评分: 6置信度: 32024-10-20

The problem of watermarking the output of LLMs has been around for some time. Previous work has focused on changing the output distribution of the LLMs, sometimes in an “undetectable/distortion-free” way. But this work starts by making the following point: If one has access to the parameters of an LLM, they can run it to generate output that is not watermarked.

The main problem of this paper is to watermark the parameters of the model itself, in a way that it both gets reflected in the output + even if one gets their hand on the model parameters, they cannot modify it in a way that the watermark is removed from subsequent outputs.

Of course one shall consider attackers who can train the model from scratch. So the paper assumes that doing so is hard (e.g., by making the access to the data generation process costly).

The contribution of the paper is the following. They propose a scheme that works by adding Gaussian noise to the last layer of the model before publishing it. Also knowing the original model and the noise, they show how to verify whether the generated output comes from their model or not.

The paper then makes multiple assumptions to prove that their scheme is secure. The final watermark suffers from not having robustness or undetectability. It is not clear if such weaknesses are inherent or not.

优点

As far as I know, this is the first work that aims to formally define and address “unremovable watermarks” that are planted in open source models.

缺点

The paper does not fully address several, by now well-recognized aspects, of the watermark:

Robustness of the watermarks. E.g., what if one changes even two characters of the produced output? Or that it deletes parts of the output. Here the paper claims it has done experiments but i could not figure out what exact perturbation channels are studied.
It seems that the output of the watermarked model here is not indistinguishable -- sometimes called undetectable or distortion free -- (in comparison with non-watermarked model's output). This is the ultimate way of arguing that the model’s utility does not degrade after adding the watermark and the paper does not discuss it clearly. Note that here, I am not talking about "removability". This is about the item above (robustness) but rather if the output of the watermarked model differs (in a computationally noticeable way) from the output of non-watermarked model.
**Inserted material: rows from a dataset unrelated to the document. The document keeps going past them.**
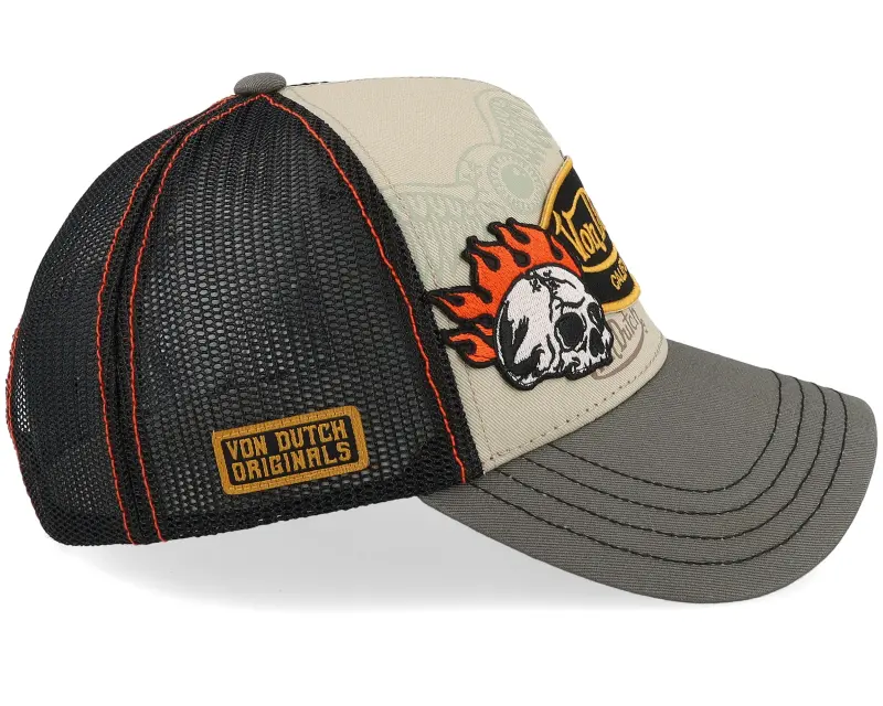 Von Dutch Twill Multi Patches Brown/Black/Creme A-Frame Trucker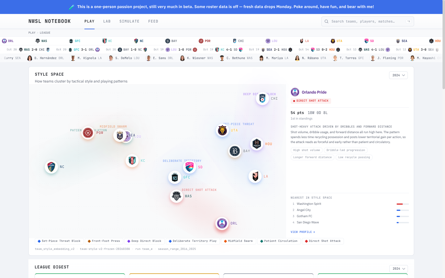 The NWSL lacks the infrastructure to publicize player performance data the way men's leagues do. NWSL Notebook fills that gap. By making players visible — their contributions quantified, their styles mapped, their trajectories tracked — it facilitates the fan relationships and league growth the NWSL needs. The site is free, open, and in beta.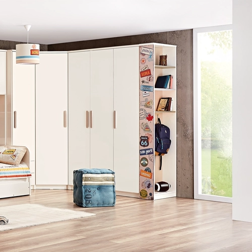 Функционален и стилен акцент към детския гардероб – страничният модул JOYIN съчетава удобство и декоративна стойност. Разполага с три практични рафта за книги, играчки или кутии, както и три метални куки за раници, шапки и аксесоари. Създаден да се комбинира с останалите модули от колекцията, този елемент допринася за завършения и организиран облик на детската стая.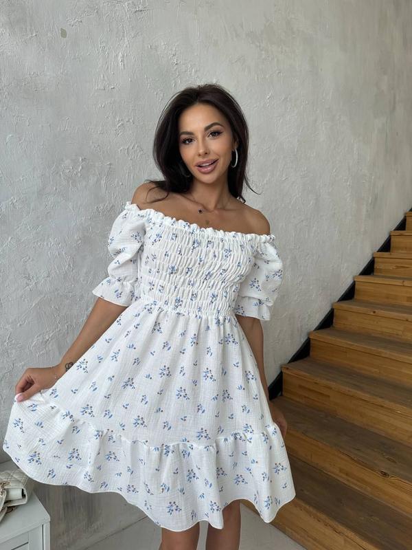 🎉Трендовое платье из муслина🎉 Мод Imma201 Размер:42-44,46-48,50-52 Ткань:муслин Платье, которое будет вам придавать уверенность в себе и в качестве вы будете стильно выглядеть. Длина до колена. На груди резинка.Мозная одевать со спущенными и с приподнятыми плечами

To partially address the above issues, the paper should first define clearly what class of perturbation channels they study (and why they are interesting) for the robustness property evolutions (which are seemingly done under the name of Detectability) and for the item 2 above (undetectability of the output -- which is different from the Detectability study) they should design experiments specifically for this goal or make a theoretical assertion.

Also, the proofs are based on multiple assumptions, which make the final conclusion far from ideal. (See my question below)

Also, what happens to the watermarks if the model is fine tuned? (note that black-box methods still work, if the model is fine tuned). This issue should be addressed using experiments. they could be simple experiments that simply test the detectability and utility of the outputs after a fine tuning for specific goals (also see my question below).

The writing also is not great and lacks discussions and justifications with regard to the issue mentioned above (e.g., of the assumptions). Other than the issues above, the intuition behind why this non-black-box approach is working could be much better.

Other minor comments on writing:

Def 2 seems to be more like a “similarity” measure, because the loss in quality seems to be different. For example, two models could look very different but have the same quality of responses.

Def 4: seems to mix the input space of Q and \ell, right?

问题

Can you address the two issues of robustness (to small change in the output) and the undetectability of the output (compared to the non-watermarked model) ?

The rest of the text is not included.